---------- Supplied material ----------
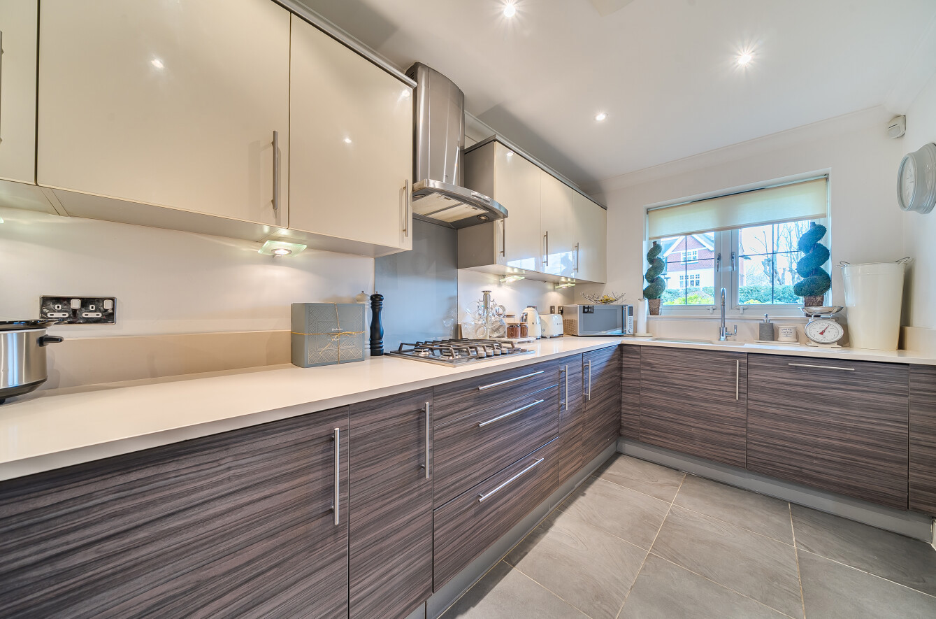 The impressive kitchen features a comprehensive range of sleek units, with added interest created by the contrasting finishes of the wall and floor cabinets. Appliances are integrated, and a quartz work surface provides a high-quality finish.
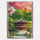 Un tranquilo templo japonés rodeado de flores de cerezo y de árboles verdes.
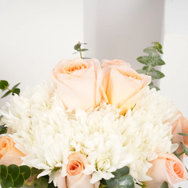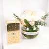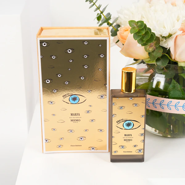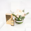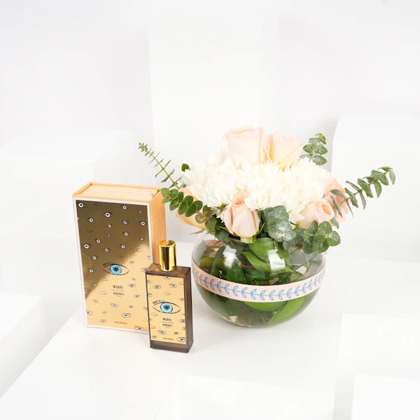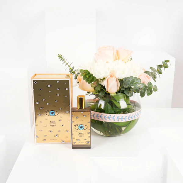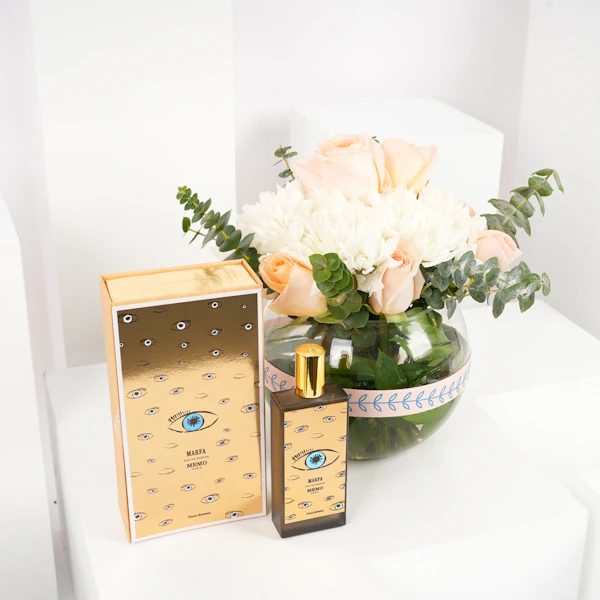 The gift of Marfa Memo Paris Eau De Parfum Unisex, accompanied by a vase of Peach Roses and White Chrysanthemums, is a harmonious blend of fragrance and floral elegance. Marfa, with its unisex appeal, offers a unique olfactory experience with notes that captivate and intrigue. Paired with this exquisite fragrance is a beautiful vase arrangement featuring the soft and warm tones of Peach Roses and the pristine beauty of White Chrysanthemums. The combination of these blooms creates a visually stunning and emotionally resonant bouquet. The sweet and delicate aroma of the roses complements the allure of Marfa, making this gift a thoughtful and sophisticated choice for expressing love, and appreciation, or celebrating a special occasion. It's a sensory journey that combines the allure of a captivating scent with the timeless beauty of fresh flowers.
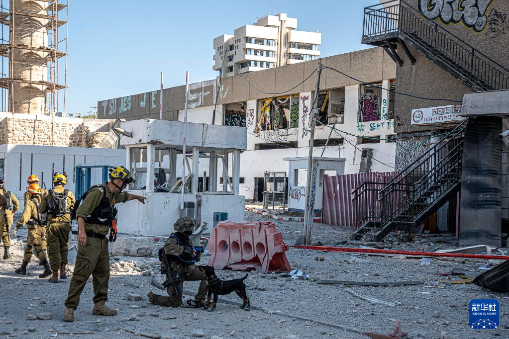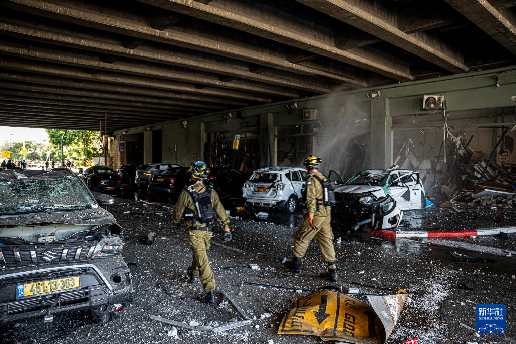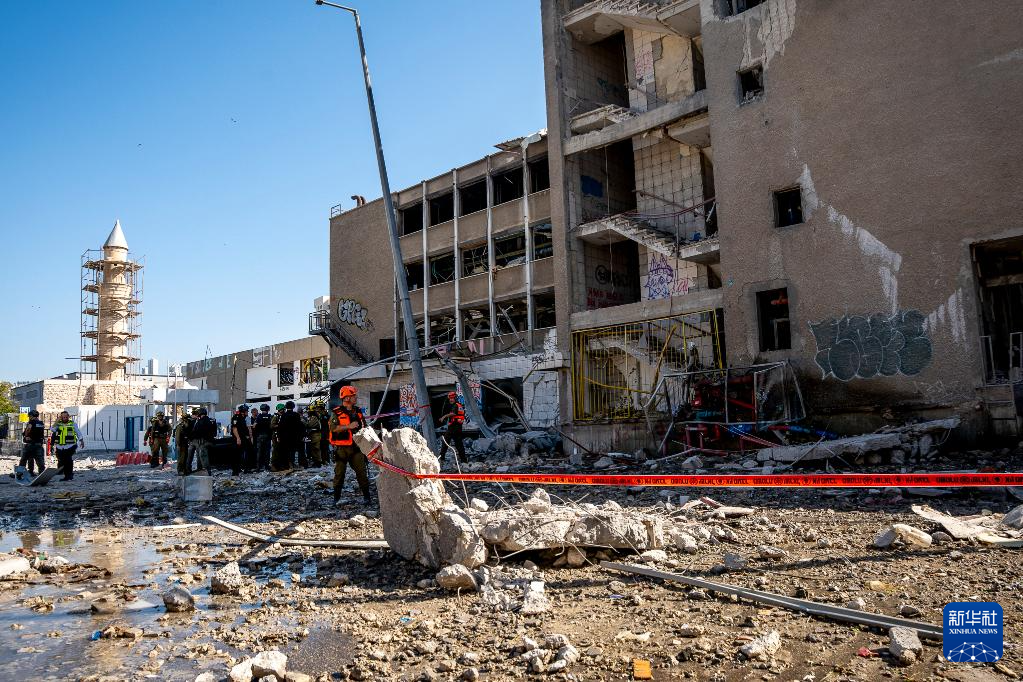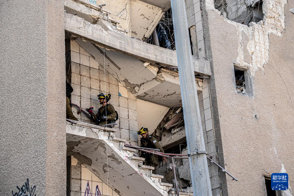 6月20日,安全和救援人員在以色列北部海法的導彈襲擊現(xiàn)場工作。新華社/基尼圖片社
----------
- Assignment -
Write out the listing above exactly, images omitted.

- Output for this exercise -
 The impressive kitchen features a comprehensive range of sleek units, with added interest created by the contrasting finishes of the wall and floor cabinets. Appliances are integrated, and a quartz work surface provides a high-quality finish.
 Un tranquilo templo japonés rodeado de flores de cerezo y de árboles verdes.
 The gift of Marfa Memo Paris Eau De Parfum Unisex, accompanied by a vase of Peach Roses and White Chrysanthemums, is a harmonious blend of fragrance and floral elegance. Marfa, with its unisex appeal, offers a unique olfactory experience with notes that captivate and intrigue. Paired with this exquisite fragrance is a beautiful vase arrangement featuring the soft and warm tones of Peach Roses and the pristine beauty of White Chrysanthemums. The combination of these blooms creates a visually stunning and emotionally resonant bouquet. The sweet and delicate aroma of the roses complements the allure of Marfa, making this gift a thoughtful and sophisticated choice for expressing love, and appreciation, or celebrating a special occasion. It's a sensory journey that combines the allure of a captivating scent with the timeless beauty of fresh flowers.
 6月20日,安全和救援人員在以色列北部海法的導彈襲擊現(xiàn)場工作。新華社/基尼圖片社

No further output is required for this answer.